# EDA & Data Cleaning — Seoul Bike Sharing Demand

The purpose of this exploratory data analysis (EDA) is fourfold. First, the raw Seoul Bike Sharing Demand dataset is examined to provide an overview of the data structure, the distribution of the target variable, and the presence of missing values or outliers. Second, the dataset is preprocessed and cleaned using the `clean_seoul_bike_data` pipeline to ensure consistency and reproducibility. Third, key relationships between explanatory variables and bike rental demand are explored to inform feature selection and modelling choices. Finally, the cleaned dataset is saved in a reproducible parquet format under `data/processed/` for subsequent modelling and evaluation.

In [None]:
import sys
from pathlib import Path

import matplotlib.pyplot as plt
import seaborn as sns

To ensure reproducibility and modularity, the project root directory is programmatically identified and the `src` directory is added to the Python path. This allows project-specific data loading, cleaning, and plotting functions to be imported directly within the notebook.

In [None]:
repo_root = Path.cwd().resolve()
if repo_root.name == "notebooks":
    repo_root = repo_root.parent
sys.path.insert(0, str(repo_root / "src"))

repo_root

## Data overview
The exploratory analysis begins by loading the raw dataset using a dedicated data-loading function. Encapsulating data access within a reusable function ensures that the same raw input is consistently used across notebooks and modelling scripts.
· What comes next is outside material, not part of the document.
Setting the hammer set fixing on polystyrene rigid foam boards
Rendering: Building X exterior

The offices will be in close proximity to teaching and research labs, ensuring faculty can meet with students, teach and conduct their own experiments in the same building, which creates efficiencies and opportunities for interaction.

An initial inspection of the first few rows is performed to verify variable names, data types, and overall structure.

In [None]:
from bike_demand.data.load_data import load_data

df_raw = load_data()
df_raw.head()

Then, this analysis inspect dataset size, column names, dtypes, and summary statistics.

In [None]:
# shape + columns
df_raw.shape, df_raw.columns.tolist()[:10]

In [None]:
# info / dtypes
df_raw.info()

In [None]:
# numeric describe
df_raw.describe().T

In [None]:
# categorical describe
df_raw.select_dtypes(include=["object", "category"]).describe().T

## Data cleaning plan 

Based on the inspection of the raw dataset, the following data cleaning and preprocessing steps are implemented to ensure consistency, reproducibility, and suitability for subsequent modelling:

- The dataset consists of 8,760 hourly observations (365 × 24) with no missing values, indicating no need for addressing the missing values 
- `Date` variable is stored as an object and is therefore parsed into a proper datetime format to enable reliable temporal feature extraction and indexing.
- Column names contain spaces and measurement units; these are standardised to improve code robustness and facilitate downstream processing within the modelling pipeline.
- Categorical variables, including (`Seasons`, `Holiday`, `Functioning Day`), are initially stored as strings and are converted to categorical types, ensuring appropriate handling during feature engineering and model estimation..
- We firstly retain extreme weather values as they are plausible and informative for demand prediction.

In [None]:
from bike_demand.preprocessing import clean_seoul_bike_data

df_clean = clean_seoul_bike_data(df_raw)

print(df_clean.shape)
df_clean.info()
df_clean.head()

## Exploratory analysis on cleaned data

After standardising the dataset schema, we conduct exploratory analysis on the cleaned data to:
- understand the target distribution,
- identify the distribution of explantory variables and analyse potential outliers,
- examine relationships between key features and rental demand,
- uncover temporal and seasonal patterns that may inform feature engineering and model choice.
- check the correlation between explantory variables and target variables 
(in addition to this, also use heatamap to check the correlation between each explantory variables )

### Target distribution

The distribution of the target variable, hourly bike rental demand, is examined using a histogram with a kernel density estimate and a complementary boxplot. This visualisation provides an overview of the central tendency, dispersion, skewness, and the presence of extreme values in the cleaned dataset.

In [None]:
# Target distribution
from bike_demand.plotting import plot_target_distribution

plot_target_distribution(df_clean, target_col="rented_bike_count")
plt.show()

The distribution of hourly bike rental demand is strongly right-skewed, with a large concentration of observations at relatively low demand levels and a long right tail corresponding to periods of exceptionally high usage. The boxplot further highlights substantial dispersion and the presence of extreme values, particularly during peak demand periods. 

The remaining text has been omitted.